In 2017, HRSA and HUD released a joint statement to funded organizations encouraging the sharing of data across systems to better coordinate and integrate medical and housing services for people with HIV. In 2019, the agencies released a toolkit for service providers with best practices for sharing data and improving service coordination.

The Bureau of Primary Health Care's (BPHC) National Health Care for the Homeless Program supports community-based organizations to provide high-quality, accessible health care, including HIV prevention services, to people experiencing homelessness.

CDC

CDC's Division of HIV Prevention provides technical assistance and support for responding to HIV clusters and outbreaks. CDC support can include assistance with epidemiologic analysis and interpretation, connection with peers across the country doing similar work, identification of promising best practices and innovative delivery of prevention activities, and assistance with planning and implementing response activities for specific clusters or outbreaks. Organizations with needs or interests related to HIV outbreak response in their community should contact their state or local health department, who can facilitate collaboration with CDC as needed.

CDC also funds a Capacity Building Assistance (CBA) Provider Network to provide free CBA services to state and local health departments, community-based organizations, and healthcare organizations to support their implementation of high-impact HIV prevention initiatives. Providers can provide support in several areas, including addressing social determinants of health, HIV services for disproportionately impacted populations, such as those experiencing homelessness or unstable housing, and cluster detection and response. More information on each organization funded can be found in the CBA Provider Service Directory. Additionally, online, virtual, and in-person trainings are available, including a training on homelessness for public health providers.

CDC funds state and local health departments to implement evidence-based, high-impact programs to improve access to HIV and other health and social services; this includes a range of activities related to detecting and responding to HIV clusters and outbreaks. CDC also prioritizes hearing from and collaborating with people with HIV through roundtables, town halls, and ongoing community listening sessions focused on issues that intersect with HIV and affect health outcomes, including housing.

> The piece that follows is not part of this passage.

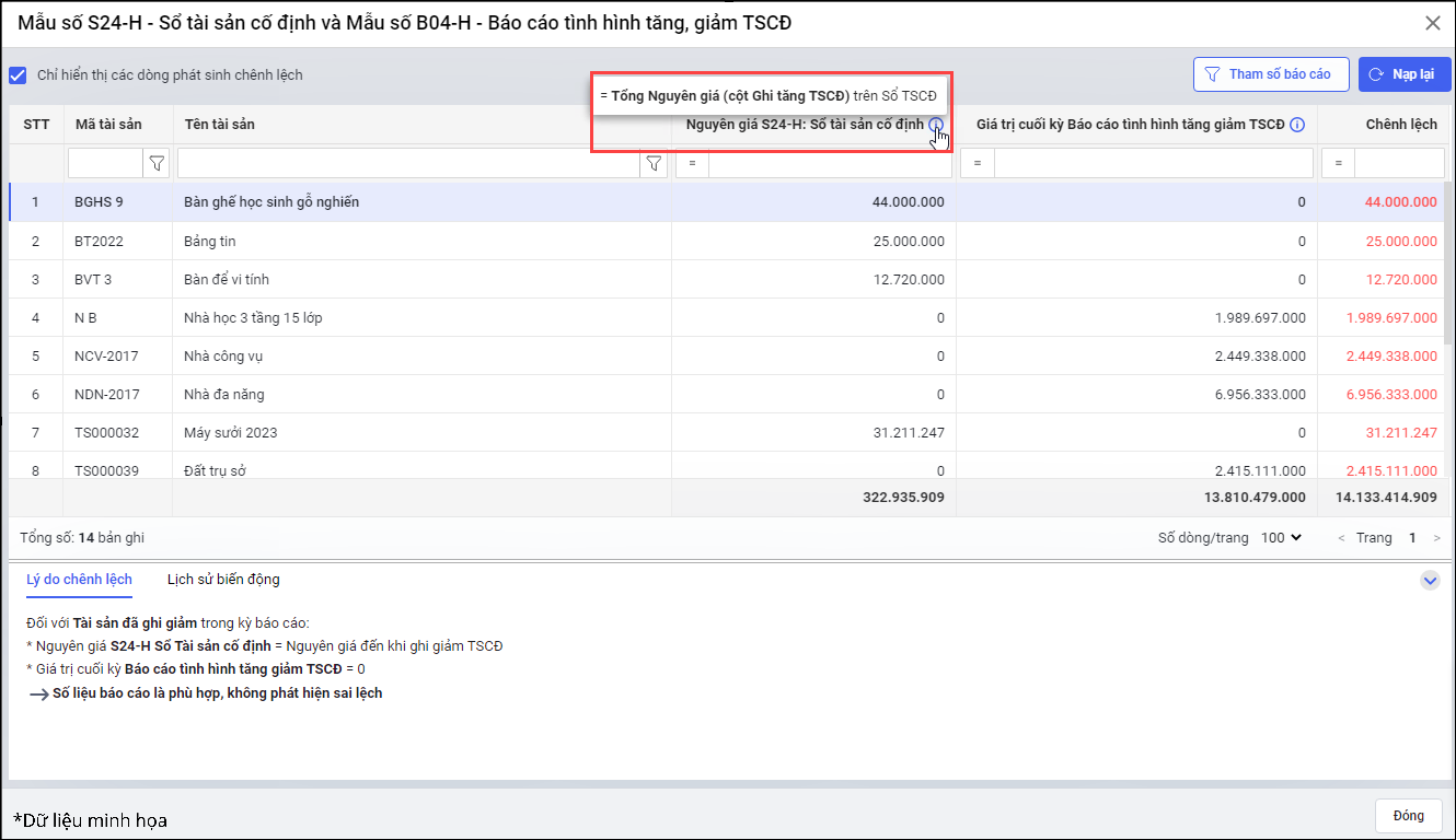 • Để đối chiếu chính xác số liệu giữa các báo cáo thì cán bộ QLTS cần thực hiện cộng trừ các cột thông tin trên báo cáo. Cán bộ QLTS thắc mắc không biết giá trị đó là được tính từ đâu, như thế nào khi kiểm tra thấy giá trị: Nguyên giá, HM/KH lũy kế; GTCL trên tính năng Đối chiếu báo cáo không khớp với số liệu trên từng báo cáo.

Through the Ending the HIV Epidemic in the U.S. Initiative (EHE), CDC funds 32 state and local health departments to implement locally tailored and integrated solutions to meet the unique needs of their communities, including flexibilities to use funds to support housing. CDC also funds over 100 community-based organizations and their clinical partners to deliver comprehensive HIV services to communities disproportionately affected by HIV. In addition, CDC supports the Housing Learning Collaborative, a virtual learning community to build capacity of EHE jurisdictions to develop and implement innovative programs to respond to housing-related needs. CDC published an issue brief on the role of housing in Ending the HIV Epidemic and federal efforts to address housing and HIV more broadly.

  • Lyss S, Buchacz K, McClung RP, Asher A, Oster AM. Responding to Clusters and Outbreaks of Human Immunodeficiency Virus Among People Who Inject Drugs: Recent Experience and Lessons Learned. J Infect Dis. 2020 Sep 2;222(Supplement_5): S239-S249.
  • Aidala, A. A., Wilson, M. G., Shubert, V., Gogolishvili, D., Globerman, J., Rueda, S., Bozack, A. K., Caban, M., & Rourke, S. B. Housing Status, Medical Care, and Health Outcomes Among People Living With HIV/AIDS: A Systematic Review. American Journal of Public Health, 106(1), e1–e23. 2016.
  • Health Resources and Services Administration. Ryan White HIV/AIDS Program Annual Client-Level Data Report 2021. ryanwhite.hrsa.gov/data/reports. Published December 2022.
  • Aidala, et al. 2016.
  • The White House. National HIV/AIDS Strategy for the United States 2022–2025. Washington, DC. 2021.